Am I The Problem???My mom is ill (very ill). i have come home to be of some help to my folks.My dads hard of hearing.My sis has come down with her (cute lil) daughter (hubby will join her soon).
Well to start off i had left my office, friends, freedom and my girlfriend where i was earlier away from my mom just to be with my family.
i work from home after a lot of request ( i owe it to my managers) to work from home coz of my moms illness.
i am given a place or rather a table on which i have my office (laptop, documents etc.) now this Paraphernalia of mine is generally very hot.I play guitar which i have kept on a stand on the very same table coz my dad would make faces as it would come in his way( he walks like a king should anything come in the way throw it out). At times the bed where i sleep my sis would make her daughter sit and have ice creams which might even spill over to the place where i keep my head.
When someone comes home like a guest or a relative ( she is very loving) My mom would exhaust her self so much that she finds it difficult to talk afterward s. She basically would make food for them serve them again and again despite her illness.

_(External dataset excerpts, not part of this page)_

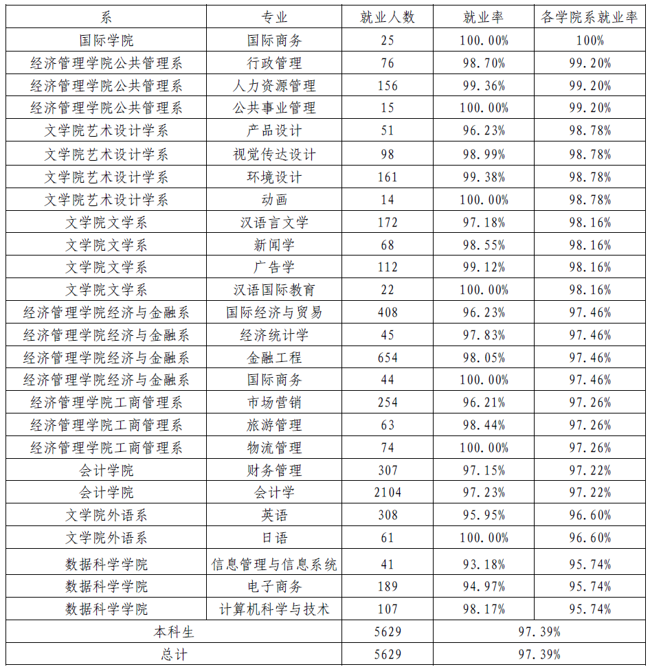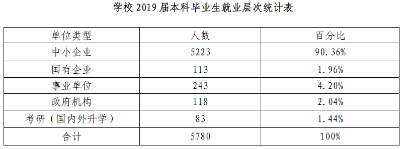 根据广东省教育厅《关于印发2019年广东省普通高等公司毕业生初次就业率统计表的通知》文件,广东财经大学华商公司2019届毕业生初次就业率达97.39%,高出全省普通高等公司毕业生初次就业率2.81%(其中高出全省本科院校平均就业率3.95%)。公司初次就业率在全省独立公司中排名第一位,在全省本科独立公司和民办院校排名第三位。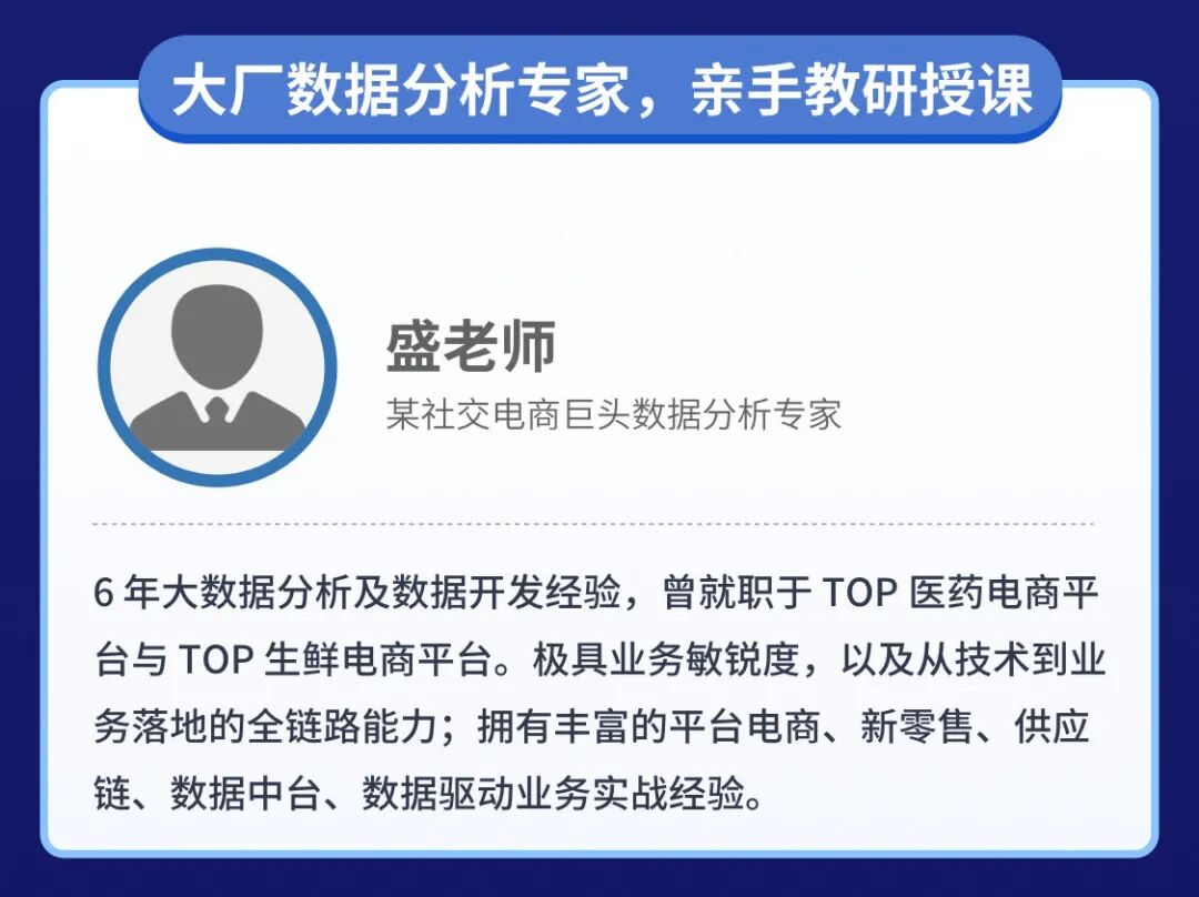本次训练营的授课老师——盛老师,曾就职于TOP 医药电商平台与 TOP 生鲜电商平台,极具业务敏锐度,以及从技术到业务落地的全链路能力;拥有丰富的平台电商、新零售、供应链、数据中台、数据驱动业务实战经验。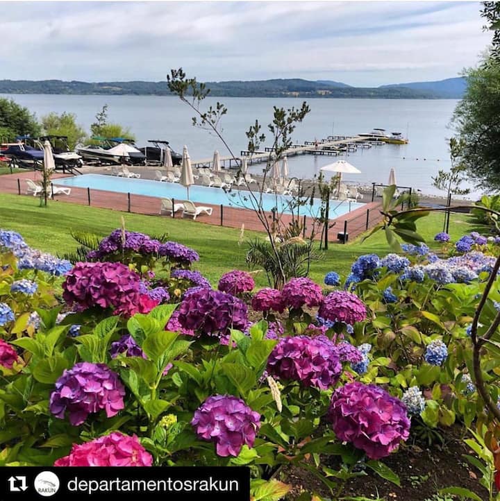 يقع هذا البيت على Lago Villarrica مباشرةً.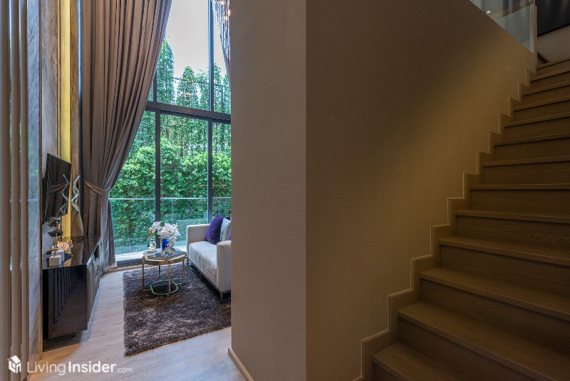 เมื่อเข้าสู่ห้อง เราจะพบกับบันไดอยู่ทางขวามือ ส่วนซ้ายมือบิวท์เป็นตู้เก็บของเก็บรองเท้าได้แบบเหลือเฟือ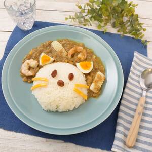 ゆで卵→猫耳、レーズン→目と鼻、スライスチーズ→ひげに見立て、猫の顔になるよう盛り付ける。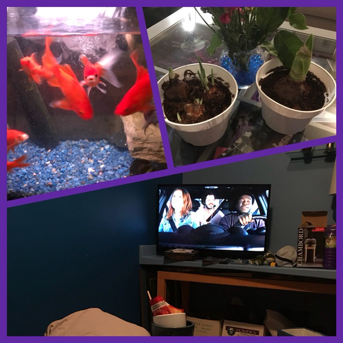 tonight I took a few pictures… the plants, the fish, and the view from my seat on the couch…

This thing just irritates me and at time i have to shout at her to not exhaust herself and take rest---- BOOOOOM.
The whole house is against me now as soon as it happens, my dad asks me to go back and not to raise my tone at home.My sister would tell her daughter not to talk to me and stay away from me (my niece told me this- kids dont lie). my girlfriend would ask me to come back coz i am ruining the whole pourpose with which i went there.My mom asks i have become too sensitive and the outside worl will kick me hard if i do these things.At times money matters are discussed and i am not even told ( me and my niece are the ones who are left out of the talk) but thats only once till now.
My dad would tell me "i can give it to u in written that you will be a failure in life".
Would anyone understand what i go thorough-
1) my moms illness has left me very disturbed, i have become very negative cant sleep at night.
2) if i go back may be i will nevr see my mom again.
3) am away from my girlfriend for 3 months.
4) am willing to give away whatever i am earning to my parents when they ask for.
5) try to help dad with his works but am afraid he will put me down- "you cant do this small thing?? why did u do ur engineering?"
6) i love my niece but cant tolerate her when she hits me (not knowing what hitting means) and no one telling her not to do it.
7) love my sister and want us to be happy but at times she acts very superior and high headed and gets on my nerves.
8) want my dad to act his age relax enjoy and pat me on my back at times and say- son i am proud of you. u have a good job. u have always been a first class with distiction holder, u had been a ramp model and u had been a good son u have come back for us"
9) want my mom not to tire herself so much and tell me the works which i can do for her.
All i want is a little appreciation.I believe all the problems cant be sorted out if you can appreciate a person and show his a lil positivity.
I generally am not getting it and i really wonder am i THE problem??